The condition wherein a person's sense of smell has become distorted is known as parosmia. People who have experienced parosmia have described how scents that they used to find pleasant are now unbearable. If they try to eat food that smells different to them, it might make them feel nauseous or sick.
Some scientists already have a hypothesis for how COVID-19 might damage a person's sense of smell, but these experts believe more research is necessary to understand the virus's long-term impacts. More research is also required to understand the possible treatments for smell-impaired COVID-19 survivors. (Related: Coronavirus survivors regain their sense of smell by going through "fragrance journey" with renowned perfumer.)
One person whose sense of smell has been distorted by the virus is Marcel Kuttab, who got infected and recovered from the coronavirus last year.
Kuttab, 28, a pharmacist from Massachusetts, first noticed something was off last year while she was brushing her teeth. Her toothbrush tasted dirty, and so she threw it out and got a new one. But then she noticed that it was her toothpaste that was the problem.
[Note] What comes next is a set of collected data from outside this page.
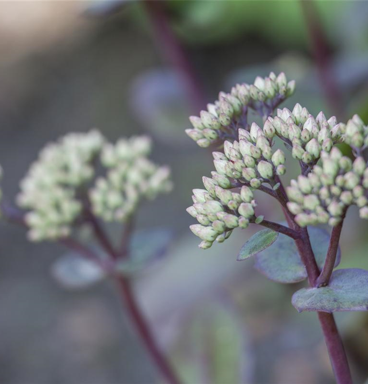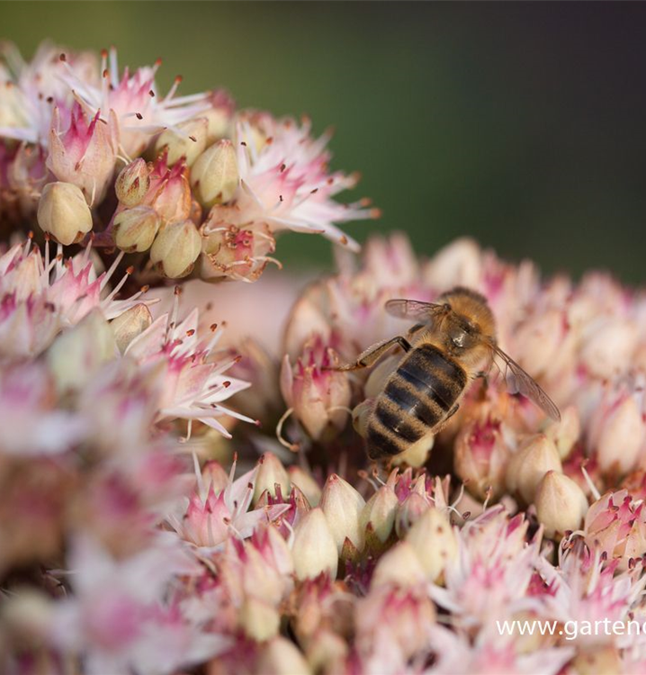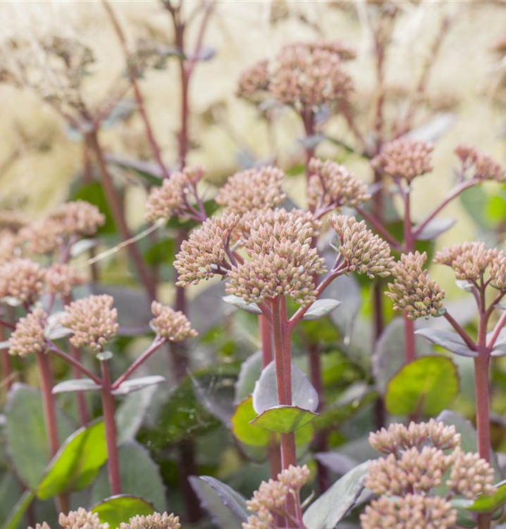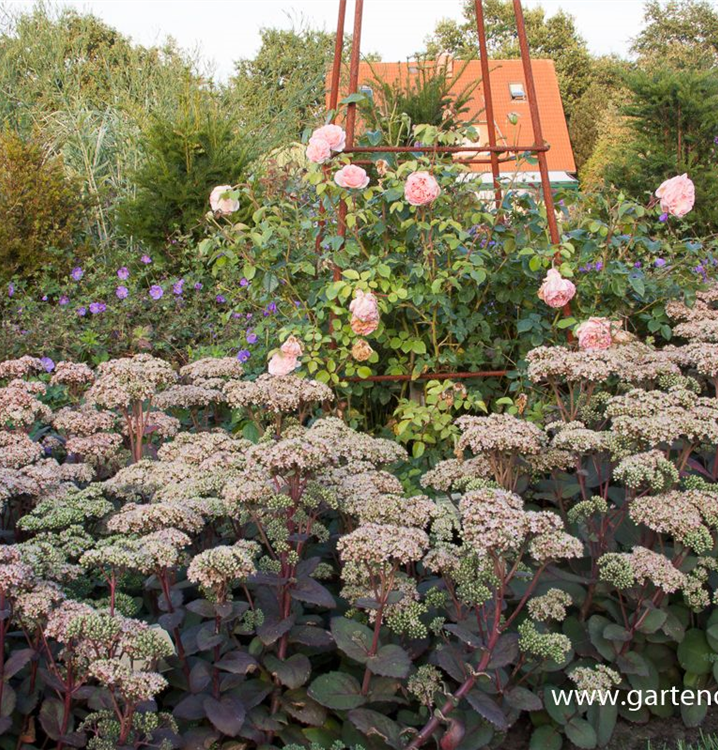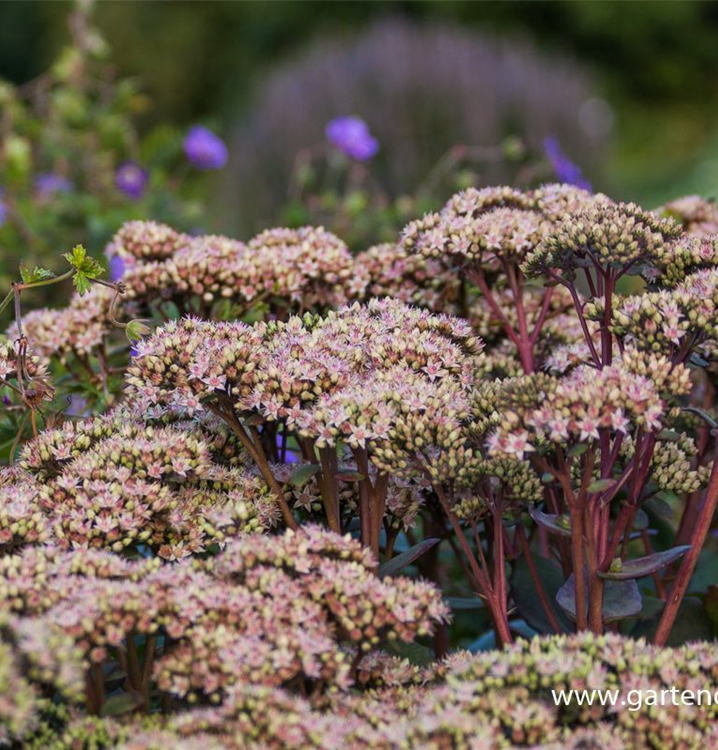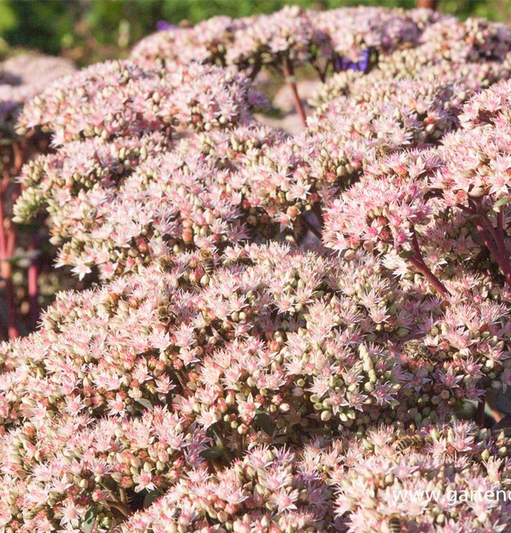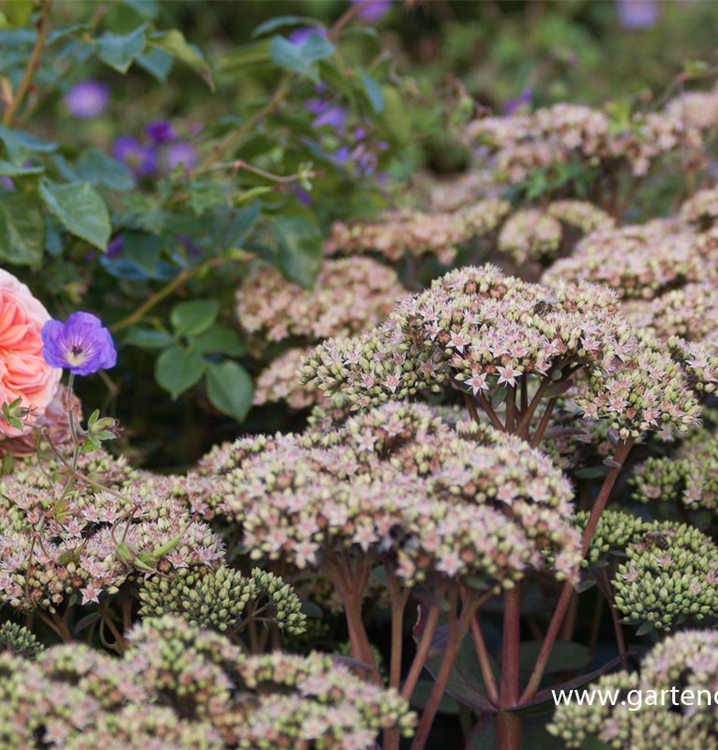 Sedum hybridum 'Matrona' bildet in Dolden angeordnete, rosafarbene Blüten ab September.
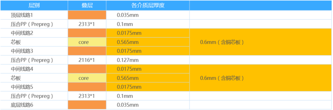 一种六层板叠层如下:
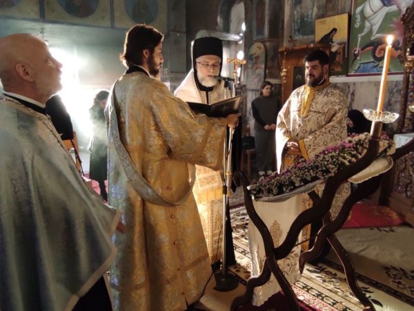 Τον Θεοφιλέστατο πλαισίωσαν ο εκ Μαρκατών καταγόμενος Πρωτοπρεσβύτερος Νικόλαος Δανέλης-εφημέριος της Ενορίας Αγίου Νικολάου Ψαχνών και Αρχιερατικός Επίτροπος Μεσσαπίων, ο Πρωτοπρεσβύτερος Χρυσοβαλάντης Φιλντίσης-προϊστάμενος της Ενορίας Παμμεγίστων Ταξιαρχών Χαλκίδος, ο πρεσβύτερος Κωνσταντίνος Πραντζίκος-εφημέριος της Ενορίας Μαρκατών και ο διάκονος Μάξιμος Χοϊένκο.
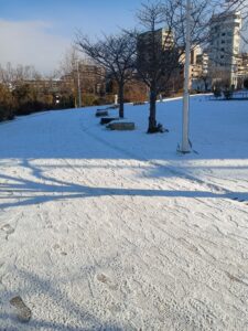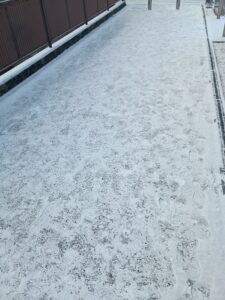 今日施設の周りに雪が積もっていたので
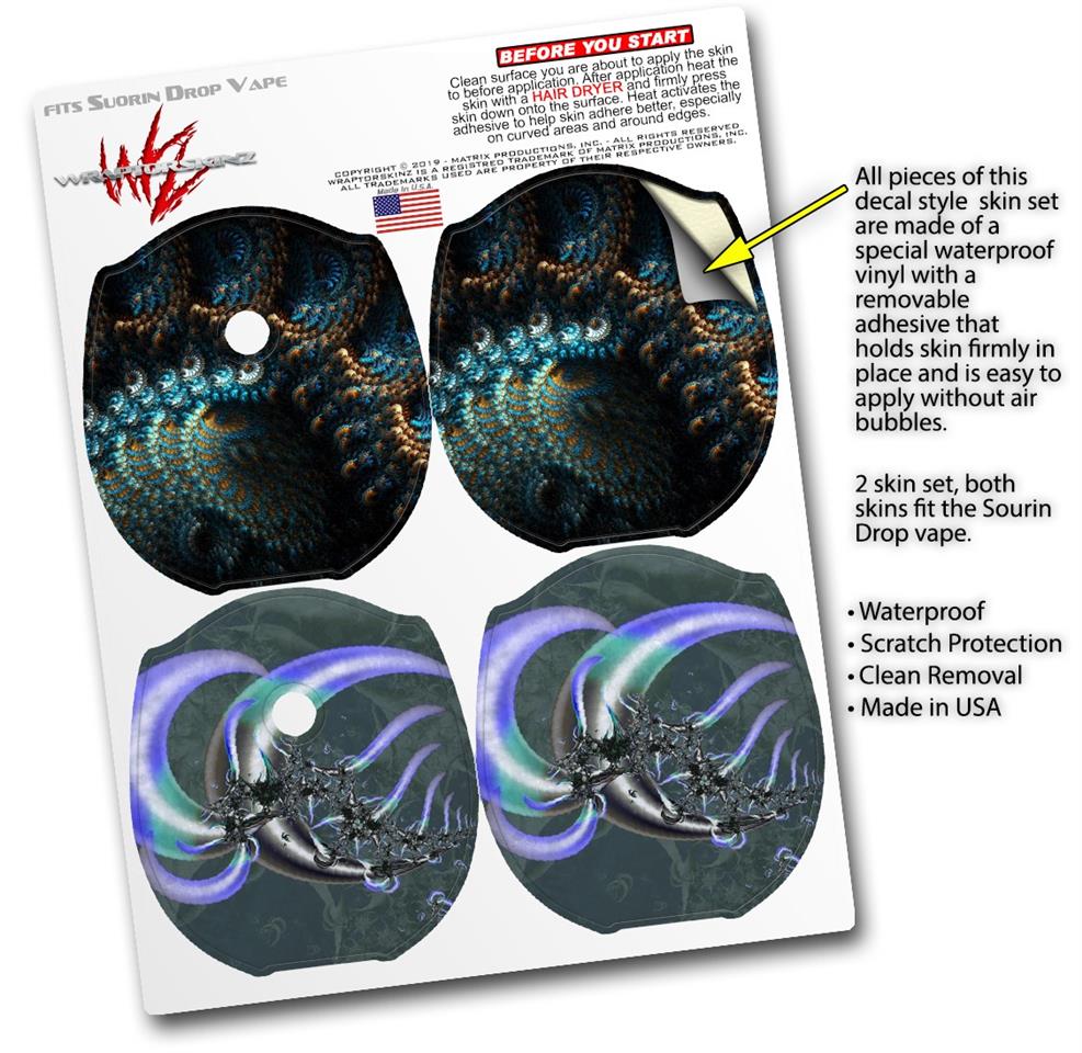 WraptorSkinz® skin wraps compatible with Suorin Drop Vape are printed using superb photo quality designs and vibrant colors printed with special fade resistant inks that last even in direct sun for years. WraptorSkinz are a composite of two layers of commercial grade materials. The bottom layer is a soft, flexible vinyl with a special removable adhesive that is easily positioned, applied without air bubbles. Next, we print the bottom layer with UV protected, fade resistant inks that deliver superb photo quality designs in vibrant colors. Finally, we bond a professional grade laminate over the entire skin adding a glossy protective finish. This product is not affiliated with or endorsed by Suorin.
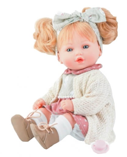 В комплекте шарф, тапочки и соска. Виниловые конечности и мягкое тканевое тело.
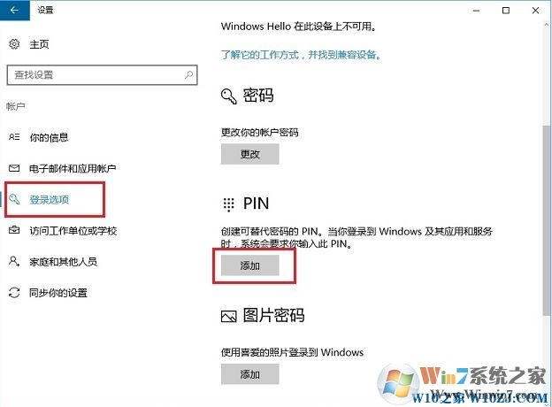 3、進(jìn)入賬戶設(shè)置界面后,再點(diǎn)擊左側(cè)的“登錄選項(xiàng)”,然后在右側(cè)就可以找到“PIN碼”功能了,點(diǎn)擊“添加”即可開始設(shè)置Pin碼;

This was just the start of her olfactory troubles. Onions, garlic and meat were all putrid and coffee began smelling like gasoline.
Kuttab wanted to figure out what she could and could not eat, and so she experimented to figure out what foods her senses could tolerate. "You can spend a lot of money in grocery stores and land up not using any of it," she said.
For Janet Marple, 54, a corporate banker from Minnesota, coffee and peanut butter smell like burning rubber or a sickly kind of sweet.
"I literally hold my breath when shampooing my hair, and laundry is a terrible experience. Even fresh-cut grass is terrible," said Marple.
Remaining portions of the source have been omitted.